As a result of the roundtable discussions between the opposition and the government, which lasted from February until April 1989, an agreement was reached to hold free elections to a pacted parliament in June 1989. The elections brought a decisive victory for Solidarity. In August 1989, the region’s first noncommunist prime minister, Tadeusz Mazowiecki, was appointed by the Polish parliament to head a new government with a broad popular mandate to implement wide ranging economic and social reforms to stabilize the country.
Solidarity members’ actions cannot be analyzed independently from the phenomenon of the Solidarity movement itself. The power of Solidarity as a mass resistance movement derived from an intangible fabric of civic capital created by a thick web of human interactions and underground activities and institutions whose purpose was to free the society from the control of the government. This generated forces no less powerful or important for waging civil resistance and its eventual success than the impact of specific strategies and tactics.
Solidarity was not merely an opposition movement, it was, to paraphrase Vaclav Havel, a collective experience of living within the truth. Solidarity was an extraordinary mobilization of citizens from all walks of life united in protest against living in a communist lie. Solidarity was a massive societal polity organized independently outside the realm of the state that encompassed a number of historical, cultural, philosophical and human experiences.
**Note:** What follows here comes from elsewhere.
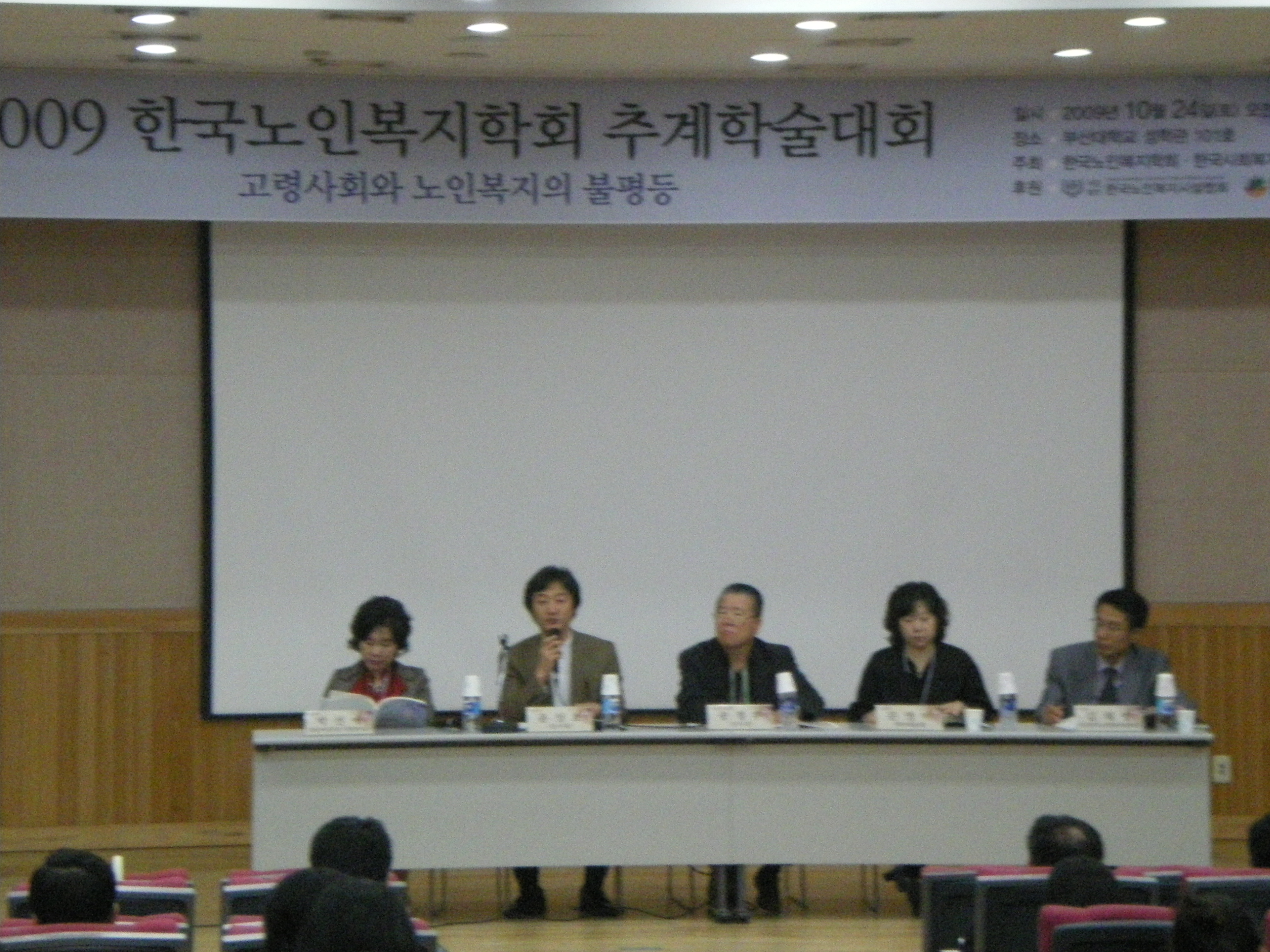 2009년 추계학술대회를 ‘고령사회와 노인복지의 불평등’이라는 주제를 가지고 부산대학교에서 200여명이 참석한 가운데 성공적으로 개최하였다. 성별간 노인복지의 불평등(석재은 교수, 한림대), 사회계층간 노인복지의 불평등(윤성호 교수, 동서대), 지역간 노인복지의 불평등(조성희 교수, 순천향대)에 대한 훌륭한 발표가 있었으며 주제별로 토론이 진행되었다. 발표와 토론 과정에서 학문적으로 크게 기여할 수 있는 연구의 방향성이 제시되었으며, 국가의 노인복지정책의 발전에 공헌할 수 있는 대책들이 논의되었다.

As such it was a socializing force that promoted behavioral attitudes based on mutual responsibility, solidarism, assistance, trust, loyalty; a teaching force that offered lessons in decentralized modes of self-organizing and participatory democratic governance; an empowering force that endorsed egalitarianism, individualism, and independence; and finally, a nonviolent force with its strict nonviolent discipline and belief in the greater effectiveness of nonviolent actions over other means of a political contestation.
In the 1980s, Solidarity drew on a rich palette of nonviolent tactics that included, among others, protests; leaflets; flags; vigils; symbolic funerals; catholic masses; protest painting; parades; marches; slow-downs; strikes; hunger strikes; “Polish strikes” in the mine shafts; underground socio-cultural institutions: radio, music, films, satire, humor; over 400 underground magazines with millions of copies distributed, including literature on how to scheme, strike, and protest; alternative education and libraries; a dense network of alternative teaching in social science and humanities; commemorations of forbidden anniversaries; and internationalization of Solidarity struggle.
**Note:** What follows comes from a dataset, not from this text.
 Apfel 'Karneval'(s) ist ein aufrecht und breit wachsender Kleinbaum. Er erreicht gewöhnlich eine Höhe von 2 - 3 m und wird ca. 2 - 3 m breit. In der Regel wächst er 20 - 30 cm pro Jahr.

Twenty years later after the roundtable talks and first democratic elections in Central Europe, Poland is a full-fledged democracy with a relatively strong civil society (in comparison with other Central European states), competitive media and an increasingly consolidated parliamentary system based on a constitutionally strong executive and a popularly elected post of the president. The main socio-political cleavages in recent years have evolved around the role of religion and the Catholic church in public life, including state education; the effectiveness of transitional justice in dealing with collaborators of the former communist regime; and spectacular corruption scandals that besieged the Polish political scene in the last decade. Generally, however, Poland is seen as a success story in its democratic transformation. Various factors played a role in this successful democratic transformation. They include, among others, Poland’s integration with NATO (which reinforced the principle of democratic civilian-based control over armed forces) as well as negotiations with and eventual membership in the European Union (which helped to strengthen the rule of law, democratic institutions and civil society organizations).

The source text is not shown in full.